Monday, November 5, 2007

A new week

"To light a candle is to cast a shadow" - Starhawk

I can't quite articulate my mood. I'm caught between the lightness that exists right now in my life as well as some dark shadows that hover so close. Managing the balance feels easier right now and that, alone, is reason enough to celebrate.

In ways that are surprising to me, this systemic viewpoint that we have learned is living in my body and experience right now. I am seeing odd patterns and interelated processes that don't offer me any answers. Yet.

What does differentiation really mean in relation to what I have just been through over the last two years? How has my relationship with A shifted around the tensions of I-We-You. How has that manifested in our way of being with each other? With our children? Within our communities?

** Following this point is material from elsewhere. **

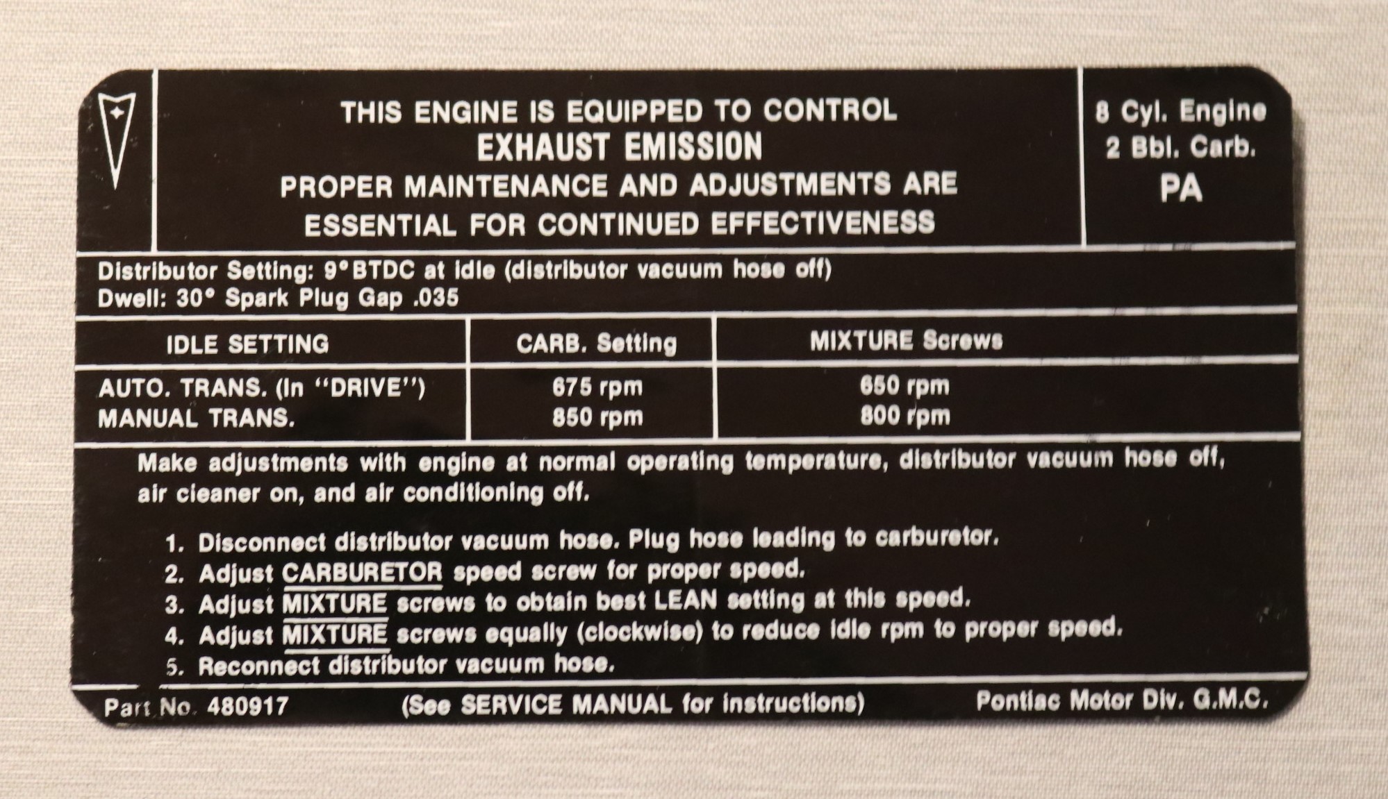 V8-2BBL Carb. A/T & M/T 1970 Pontiac

What does S.'s symptoms mean in possible relation to how many transitions this family of ours has gone through? She's off kilter, dizzy, can't see clearly and feels pressure. I think that's been true for all of us but none of us have felt it on such a physiological scale. What does it look like to bring relief to her - to take some of the burdens from her young shoulders, give her undivided attention, nourishment and listening? What does it look like for me to give this to myself, for us to give this to each other?

I'm fascinated in the possibilities.

And I don't need to know what all of this means - it is what it is. Questions and pondering that can actually happen because I am pausing, taking a breath and wondering.